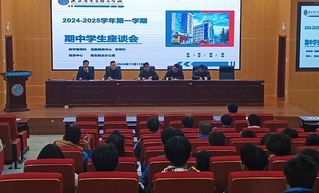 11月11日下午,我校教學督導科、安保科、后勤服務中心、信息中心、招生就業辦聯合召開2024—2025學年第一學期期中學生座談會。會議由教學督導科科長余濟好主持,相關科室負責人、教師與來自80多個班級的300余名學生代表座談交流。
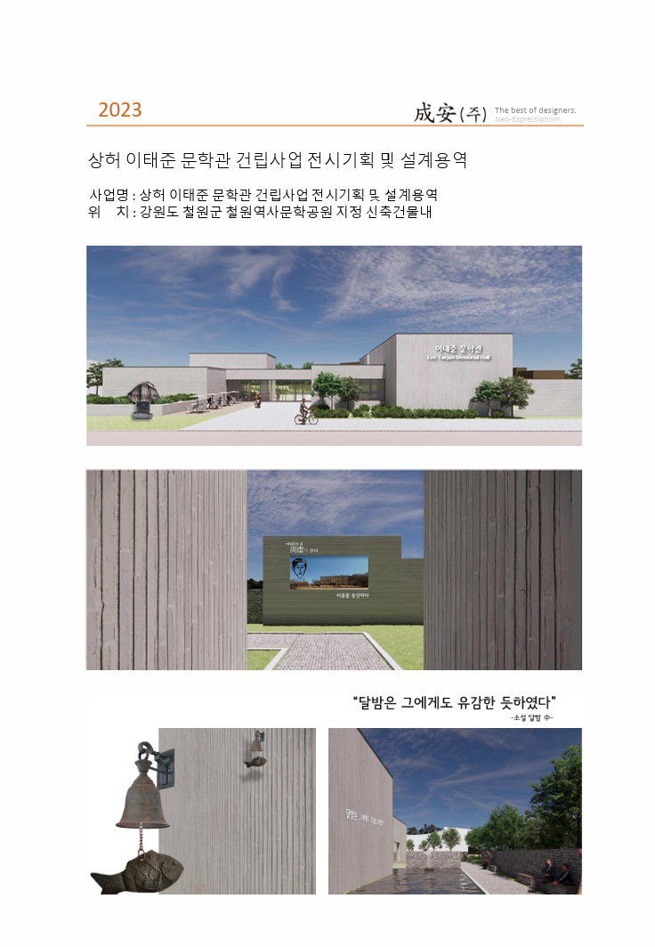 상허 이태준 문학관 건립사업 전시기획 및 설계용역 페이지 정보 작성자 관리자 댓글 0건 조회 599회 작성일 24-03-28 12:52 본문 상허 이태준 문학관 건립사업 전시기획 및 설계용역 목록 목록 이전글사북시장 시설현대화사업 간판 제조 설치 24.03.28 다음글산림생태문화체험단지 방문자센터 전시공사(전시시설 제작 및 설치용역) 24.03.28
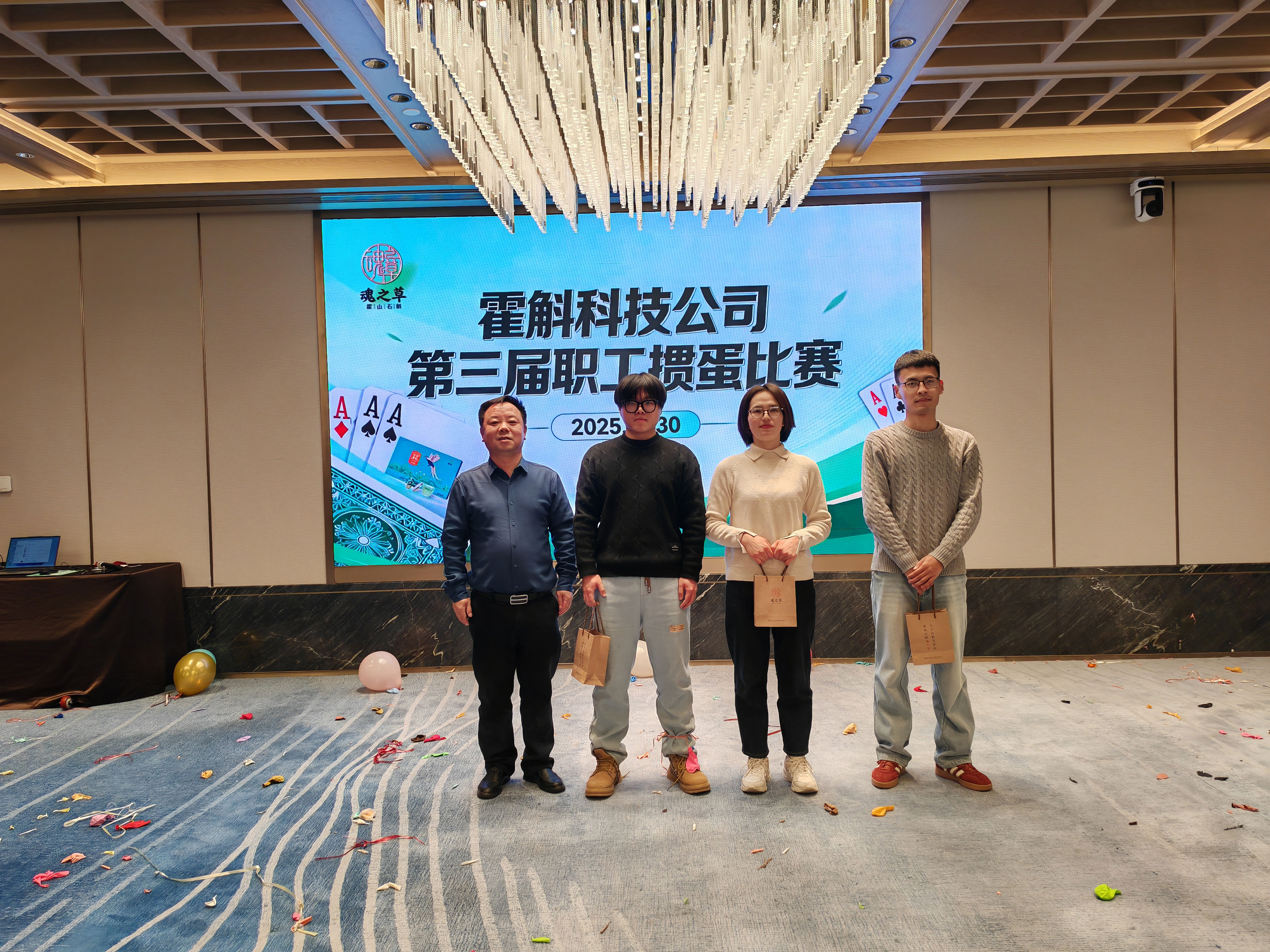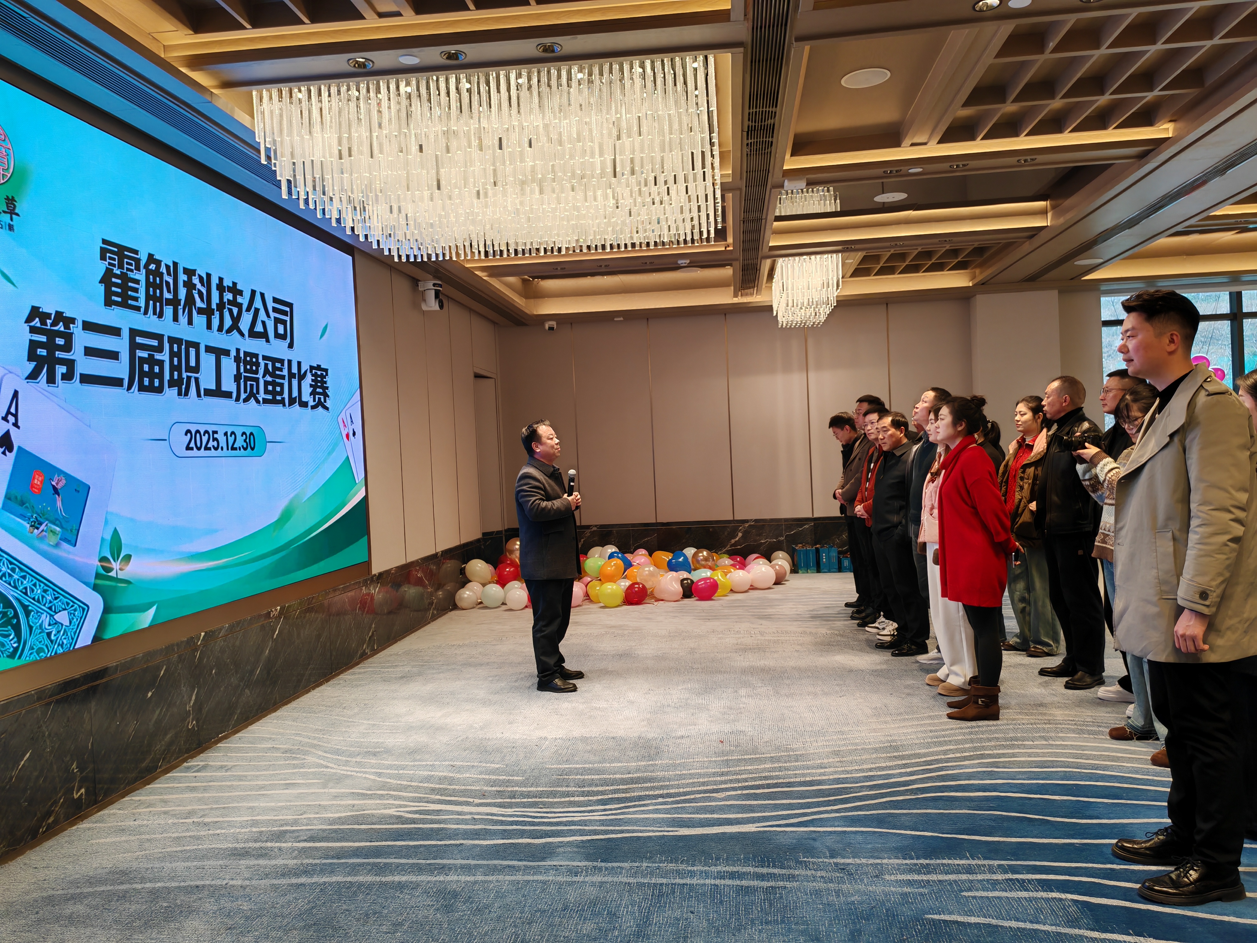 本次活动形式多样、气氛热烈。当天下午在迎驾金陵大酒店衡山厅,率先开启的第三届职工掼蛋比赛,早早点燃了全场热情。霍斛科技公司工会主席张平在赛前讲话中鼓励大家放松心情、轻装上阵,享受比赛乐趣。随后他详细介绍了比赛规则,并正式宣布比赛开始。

Goal of the exercise:
All of the material above should be set down again exactly, though not its pictures.

Answer for the task:
 11月11日下午,我校教學督導科、安保科、后勤服務中心、信息中心、招生就業辦聯合召開2024—2025學年第一學期期中學生座談會。會議由教學督導科科長余濟好主持,相關科室負責人、教師與來自80多個班級的300余名學生代表座談交流。
 상허 이태준 문학관 건립사업 전시기획 및 설계용역 페이지 정보 작성자 관리자 댓글 0건 조회 599회 작성일 24-03-28 12:52 본문 상허 이태준 문학관 건립사업 전시기획 및 설계용역 목록 목록 이전글사북시장 시설현대화사업 간판 제조 설치 24.03.28 다음글산림생태문화체험단지 방문자센터 전시공사(전시시설 제작 및 설치용역) 24.03.28
 本次活动形式多样、气氛热烈。当天下午在迎驾金陵大酒店衡山厅,率先开启的第三届职工掼蛋比赛,早早点燃了全场热情。霍斛科技公司工会主席张平在赛前讲话中鼓励大家放松心情、轻装上阵,享受比赛乐趣。随后他详细介绍了比赛规则,并正式宣布比赛开始。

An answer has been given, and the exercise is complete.